* DATASET EXCERPTS
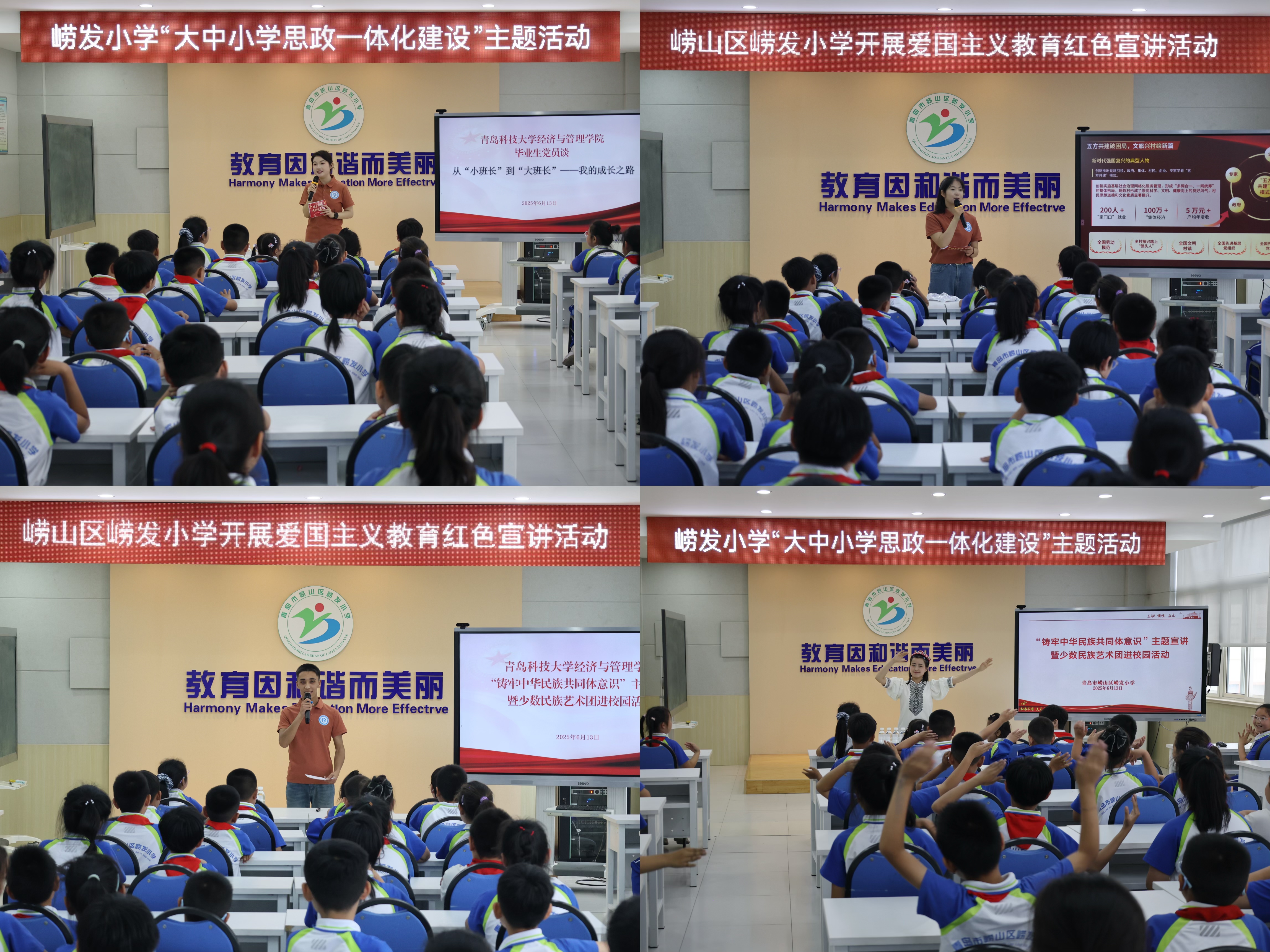 签约仪式后,经管学院学生党员代表与崂发小学学生共同开展“大中小学思政一体化建设”主题活动。毕业生党员代表张一豪向小学生们分享了自己的成长故事,生动诠释了“入队、入团、入党”这一青年追求政治进步的“人生三部曲”,让现场的小学生们深受鼓舞。学院“润心宣讲团”代表吴嘉怡讲述了“从乡村热土到强国征程的奋斗故事”,并向小学生们延伸讲解了“先锋”的含义,号召大家向先锋榜样学习,不怕困难、勇敢前行,努力成长为能够担当民族复兴大任的时代新人。学院少数民族艺术团学生代表依克山·阿布拉提江和米娜瓦尔·艾依热提为小学生们开展铸牢中华民族共同体意识主题教育宣讲,通过故事讲述、舞蹈互动等形式让铸牢中华民族共同体意识在少年儿童心中生根发芽。活动现场气氛热烈,生动展现了党建引领下大中小学思政教育一体化的实践成果。
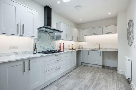 KITCHEN - 5.1m x 2.5m (16'8" x 8'2") A beautifully appointed and spacious kitchen fitted with a comprehensive range of contemporary wall and base units. There is a range of integrated appliances including a built in oven and hob with stainless steel cooker hood and glass splash back, dishwasher and fridge/freezer. Spotlights to ceiling. Plumbing for washing machine.
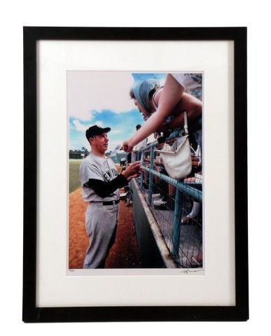 Neil Leifer Signed & Numbered Joe DiMaggio Photo - Neil Leifer is considered one of the greatest sports, political and celebrity photographers of the 20th Century. He sold his first cover photo to Sports Illustrated at the age of 19, and continued to create some of the most iconic sports photos of all time. He moved to Time Magazine where he shot the covers for virtually every living American President, and most of the grand men and women of sports, stage, screen, as well as our biggest heroes of war and peace throughout the world. This is a remarkable and rare oversize stunning color photo Joe DiMaggio "back in the saddle" and suited up at a New York Yankee's game, signing an autograph to a fan. Framed and matte in a museum quality display, it is signed and numbered by Neil Leifer and comes from his studio collection. (Numbered 12/150, the frame is approx. 27 1/2" x 21").
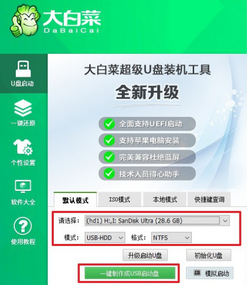 之后,打開大白菜制作工具,默認設置,點擊一鍵制作,耐性等待即可。
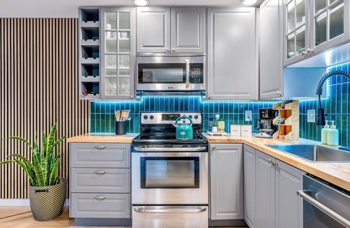 Enjoy a fully stocked kitchen equipped with everything you need for home-cooked meals, plus a convenient washer and dryer for longer stays.
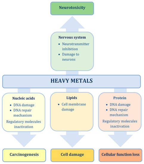 The pathways of heavy metal ions in the human body and their effects. Adapted with permission from Briffa, J. D et al., Heliyon; Elsevier Ltd. CC BY-NC-ND license (http://creativecommons.org/licenses/by-nc-nd/4.0/, 18 November 2022), 2020 [114].
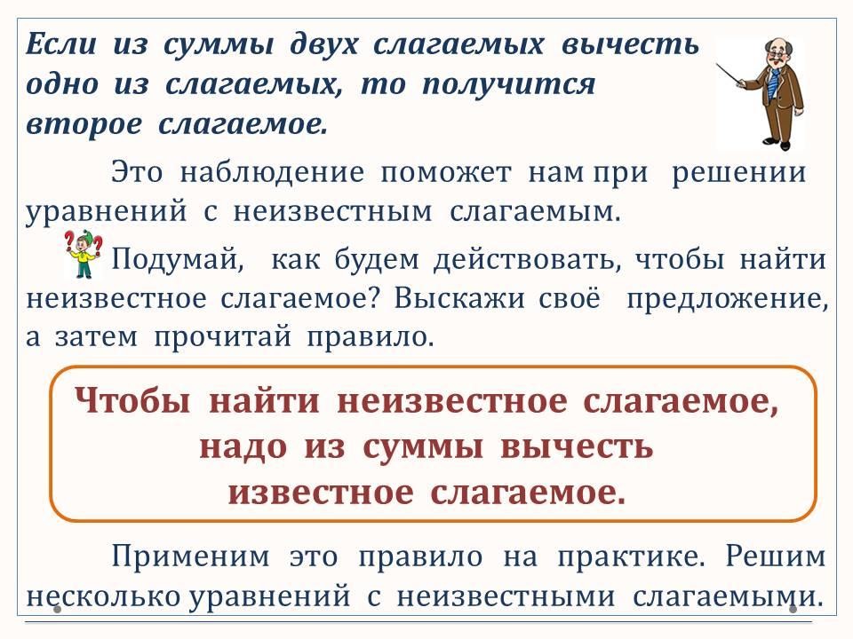 Решение уравнений с неизвестным слагаемым
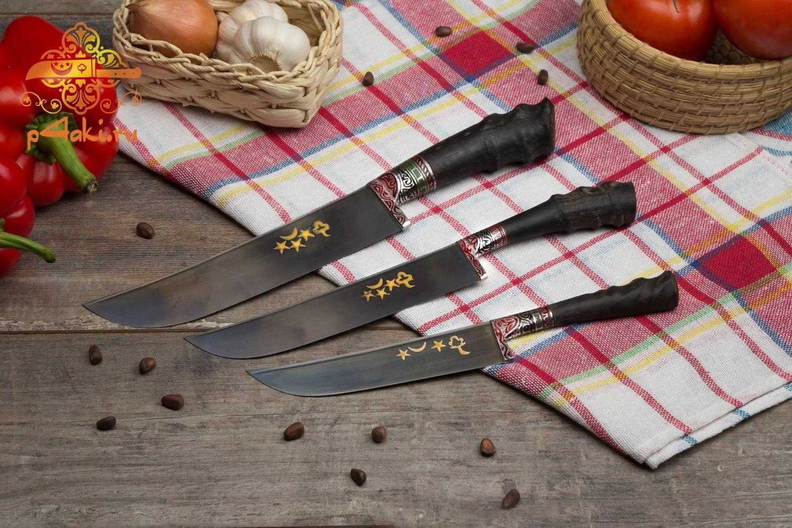 Материалом рукоятей могут быть рога животных (тура, архара, сайгака), кость жирафа, бивень мамонта, эбонит, дерево ценных пород (карельская береза, граб, абрикос, чинара), серебро, мельхиор. Как вставки в материал рукояти применяются бирюза, перламутр, олово. Иногда в украшении используется гравировка золотом или серебром, эмалевая роспись.
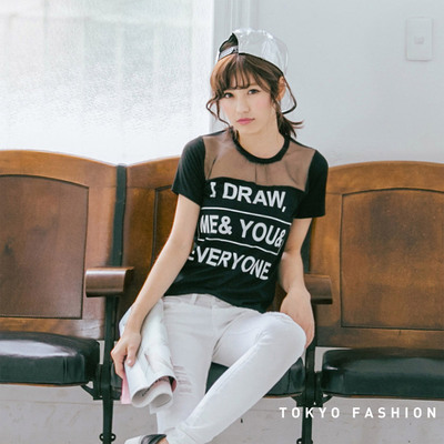 東京著衣 透膚紗拼接黑白字母T(共二色)

* PROBLEM STATEMENT
Beginning with the line that contains "Решение уравнений с неизвестным слагаемым", write out every line through the last one in the records, exactly and without pictures.

* SOLUTION TO THIS PROBLEM
 Решение уравнений с неизвестным слагаемым
 Материалом рукоятей могут быть рога животных (тура, архара, сайгака), кость жирафа, бивень мамонта, эбонит, дерево ценных пород (карельская береза, граб, абрикос, чинара), серебро, мельхиор. Как вставки в материал рукояти применяются бирюза, перламутр, олово. Иногда в украшении используется гравировка золотом или серебром, эмалевая роспись.
 東京著衣 透膚紗拼接黑白字母T(共二色)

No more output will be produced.